Key Points of MongoDB Design

Last Update:2018-12-05 Source: Internet

Author: User

Developer on Alibaba Coud: Build your first app with APIs, SDKs, and tutorials on the Alibaba Cloud. Read more ＞

From:

Http://apan.me/index.php/2011/05/01/mongodb%E8% AE %BE%E8% AE %A1%E8%A6%81%E7%82%B9/

A while ago, when studying auto-scaling, I learned about MongoDB. Here I will briefly record the key points of its design.
The official website of MongoDB is described as follows: MongoDB is a high-performance, highly scalable open-source document-type database, which is implemented in C ++. Its main features are as follows:

Document-oriented storage)
Indexes supported
High Availability (replica sets)
Auto-sharding

Basic Concepts

Document: A Basic data unit, which is equivalent to a row record in a relational database );
Collection: equivalent to a table in a relational database, but a schema-free table;
Namespace: each collection has a corresponding namespace.

Storage Engine

The memory ing file MMAP is used for implementation, while 32-bit machines are limited by address space.
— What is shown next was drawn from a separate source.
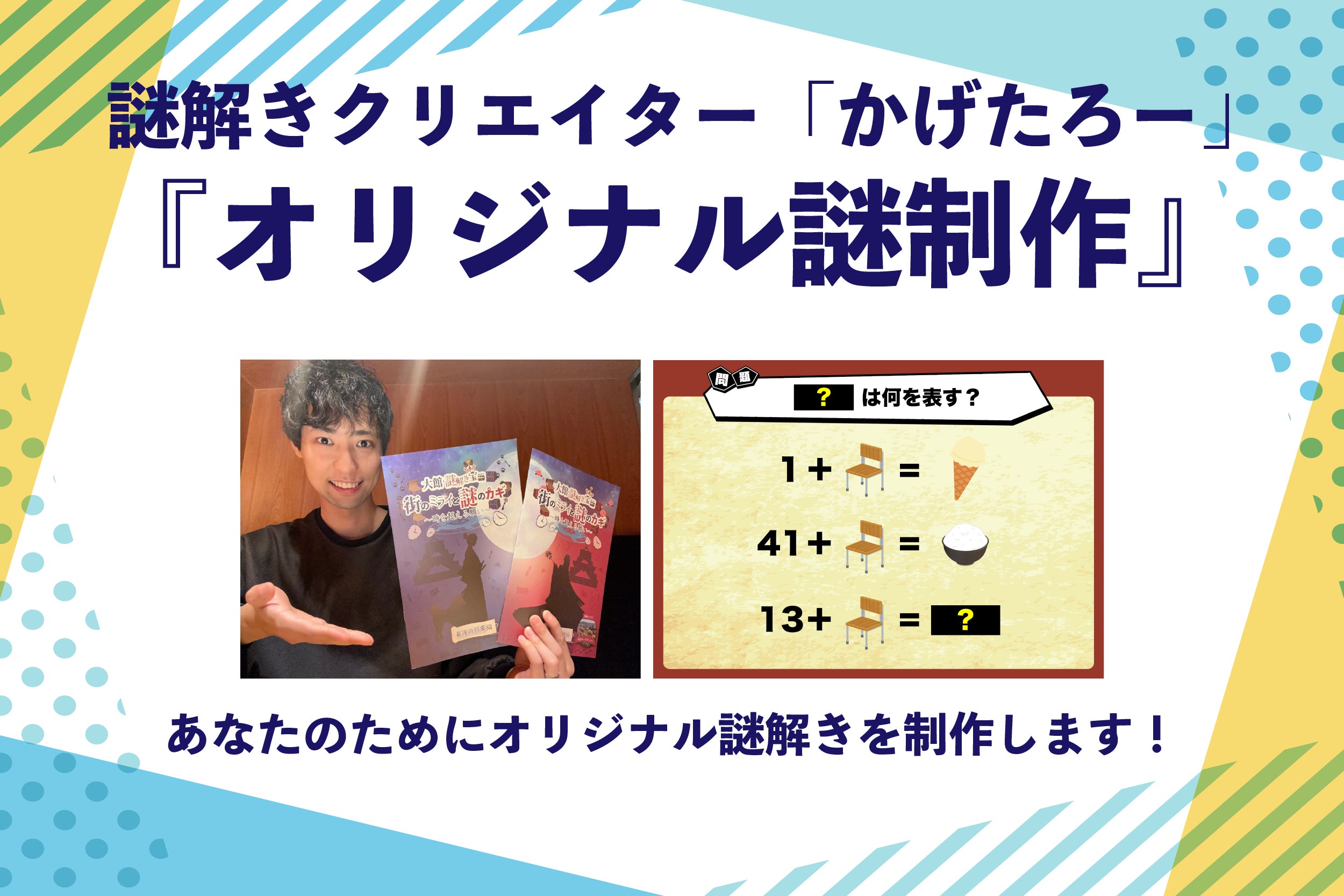 謎解きクリエイターかげたろーが、あなただけのオリジナル謎を制作します。謎解きが好きな方や、記念日やパーティーなどでオリジナルの謎解きを楽しみたい、という方におすすめです!

Therefore, the maximum data space of a single instance is only about 128 GB, and 64-bit machines are basically unlimited (TB ), therefore, we recommend that you use a 64-bit machine for deployment.
Each database is composed of a. Ns metadata file and multiple data files (dbname. {, 2 ,......}, With the auto-increment number as the extension ). To prevent small databases from wasting space, MongoDB's data files start at 16 MB by default and increase in multiples. 2 GB is the maximum size of a single data file. Example:

Each data file is organized by extents. Each namespace can contain multiple extents and can be discontinuous. Similar to the data file growth mechanism, the extent size of each namespace also increases by a multiple. Each data file contains a special namespace named $ freelist, which is mainly used for extent recycling Management (when the collection is deleted ).
The. Ns file stores the metadata of all collections in the database. For example, the collection consists of the blocks and indexes. The location of each segment is represented by the following data structure: struct diskloc
{
Int filenum; // The 0 in test.0
Int offset; // position in file
}; // 64 bits
Because MMAP is used for implementation, all memory management is handed over to the OS for processing.
References: http://www.10gen.com/video/mongosv2010/storageengine

Disaster Recovery Backup

Basic Principles of replica sets

The replica set is composed of a unique master (a primary) and one or more slave (secondaries. When the current master is unavailable, the replica set selects a new slave as the new master by election.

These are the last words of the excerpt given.